We Deleted 40% of Our Content and Traffic Went Up: Two Pruning Experiments

Content pruning delivers measurable traffic gains when executed with precision, but methodology matters. These two case studies demonstrate opposing approaches—strategic deletion versus consolidation—each recovering sites from Google algorithm penalties. The first pruned 40% of indexed pages through aggressive deletion, regaining 73% of lost organic traffic within 90 days. The second merged 156 underperforming URLs into 12 comprehensive guides, increasing domain authority and click-through rates without sacrificing historical SEO equity.

Both cases applied the SEO recovery method of identifying low-quality signals—thin content, keyword cannibalization, outdated information—then choosing remediation tactics based on content viability. The frameworks reveal when to delete (duplicate/expired content with no backlinks) versus when to consolidate (complementary pieces with established authority). Specific before/after metrics include crawl budget efficiency, Core Web Vitals scores, and revenue per session, giving you decision-making benchmarks for your own site audit.

For: SEO specialists and content strategists evaluating pruning ROI with limited implementation time.

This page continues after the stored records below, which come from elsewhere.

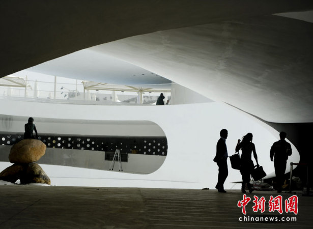 4月27日,一位女士走過(guò)上海世博園芬蘭館的圓形天井。中新社發(fā) 廖攀 攝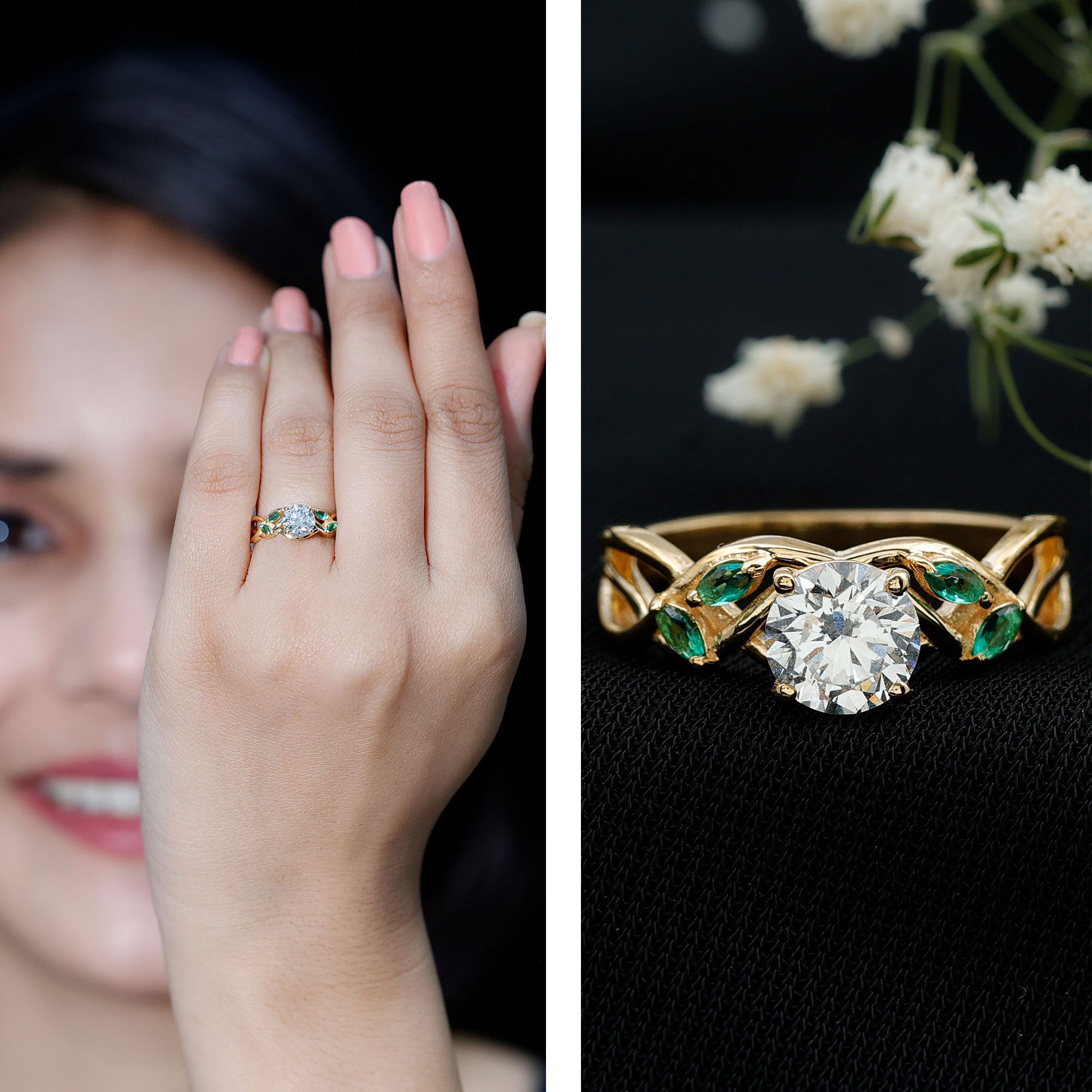 Lab Grown Diamond Engagement Ring With Emerald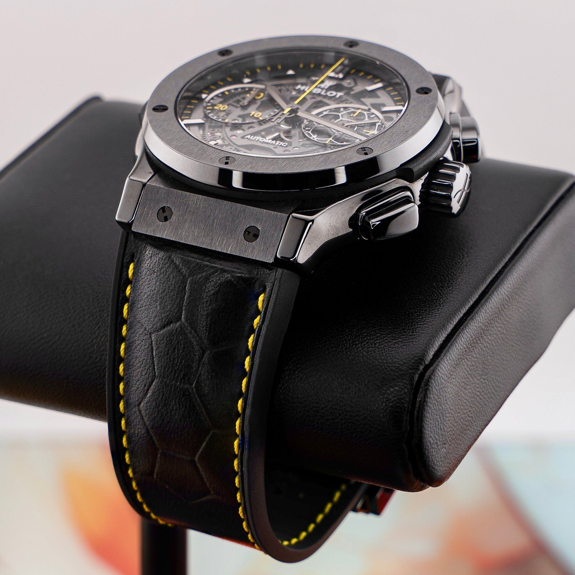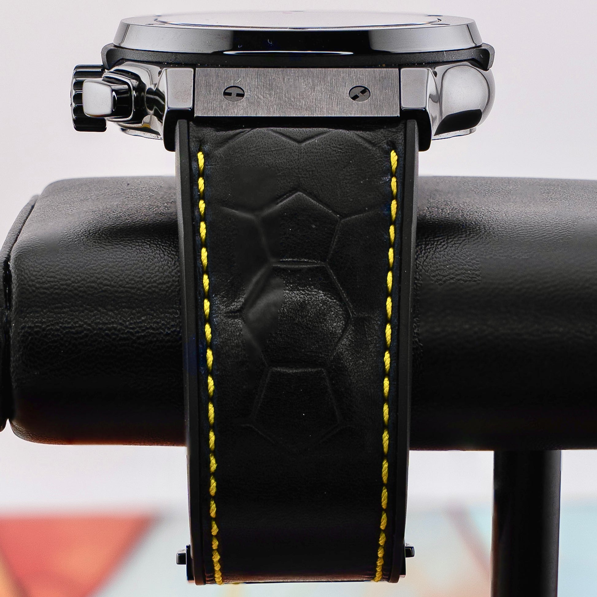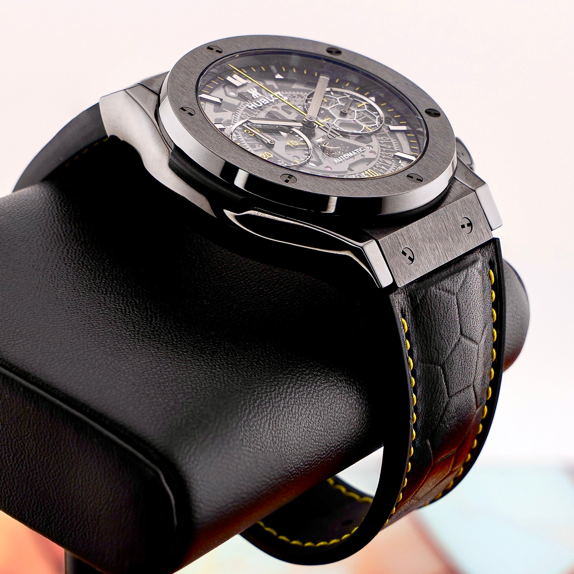 This Hublot Classic Fusion Aerofusion in the right 45mm size for Hublots, skeleton dial, ceramic dial, ceramic bezel, ceramic casing (with two different types of finishes: brushed and glossy), yellow chrono hand, yellow accents in the dial and subdial, yellow “10” date to commemorate Pele’s jersey number, yellow stitched strap, soccer ball pattern on the subdial and on the strap, and Pele’s signature and kick on the open backing.
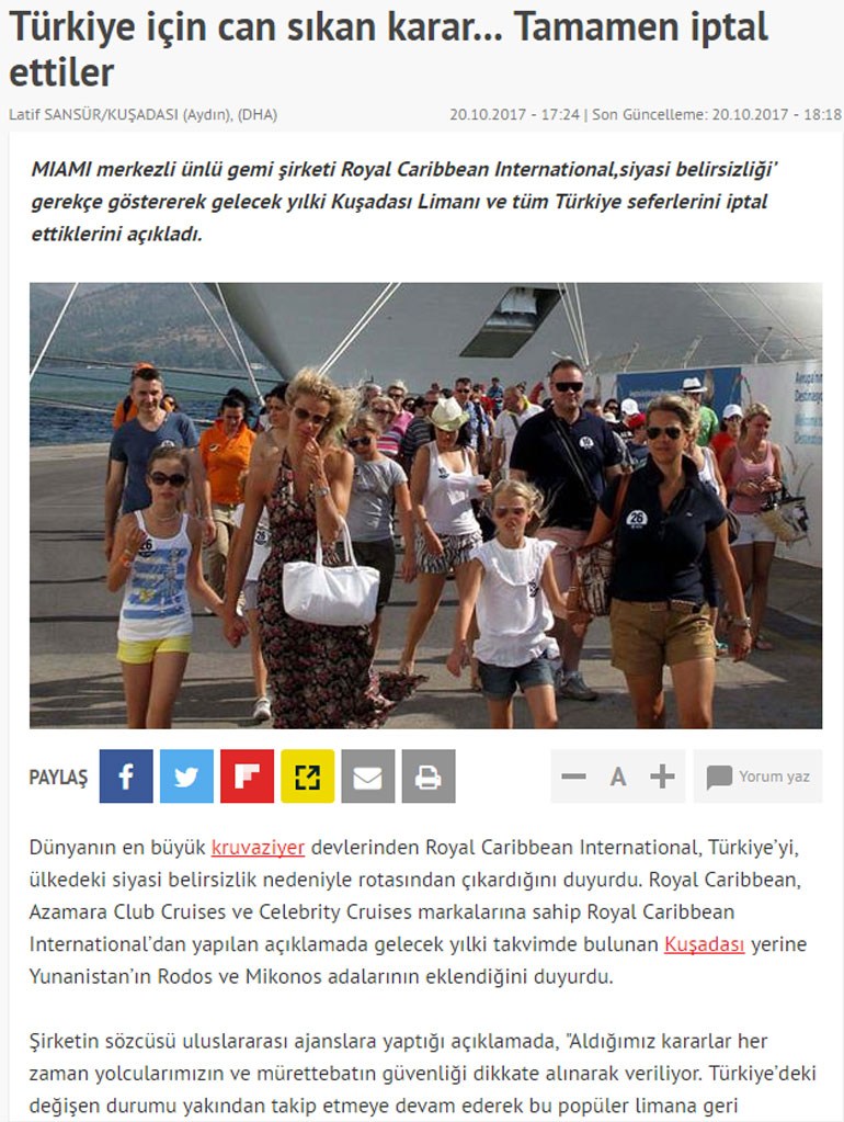 Ο κολοσσός της παγκόσμιας κρουαζιέρας Royal Caribbean International ακύρωσε για το 2018 όλες τις κρουαζιέρες που ήταν προγραμματισμένες για την Τουρκία.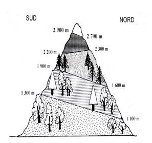 Fig. 7-47. Variatia altitudinii etajelor de vegetatie in munti in functie de expozitia versantilor (dupa Faurie et al. 1998).

Case Study 1: E-commerce Site Prunes 600 Product Pages

Gardener's hands using pruning shears to cut dead branches from a healthy tree
Strategic pruning removes unhealthy growth to strengthen the overall system—the same principle applies to content.

The Starting Point

Both sites faced the same challenge: bloated content libraries dragging down overall performance. The first, a SaaS blog with 1,200 published posts, saw stagnant organic traffic despite consistent publishing—classic symptom of a diluted topical authority. Before pruning, the site averaged 45,000 monthly sessions with a crawl budget problem; Google was indexing low-value posts while missing newer, strategic content. The second case, an e-commerce site with 800 product and category pages, struggled with keyword cannibalization across similar listings. Pre-intervention metrics showed 62,000 monthly visits but declining click-through rates and rising bounce rates on thin pages. Both teams recognized that more content wasn’t solving the problem—it was creating it. They chose pruning after audits revealed that roughly 40% of pages generated zero organic traffic in six months, yet consumed crawl resources and fractured ranking signals across competing URLs.

What They Pruned and Why

Both organizations applied clear frameworks to identify pruning targets, though their criteria differed based on business goals.

Case Study 1 flagged pages meeting two or more conditions: zero organic traffic over 12 months, fewer than five total backlinks, and keyword rankings outside the top 50. The team also evaluated content overlap, merging seven thin product comparison posts into a single comprehensive guide. Decision-making took three weeks, involving cross-checks with sales to ensure no high-converting pages were removed. Final scope: 412 pages deleted, 89 consolidated into 31.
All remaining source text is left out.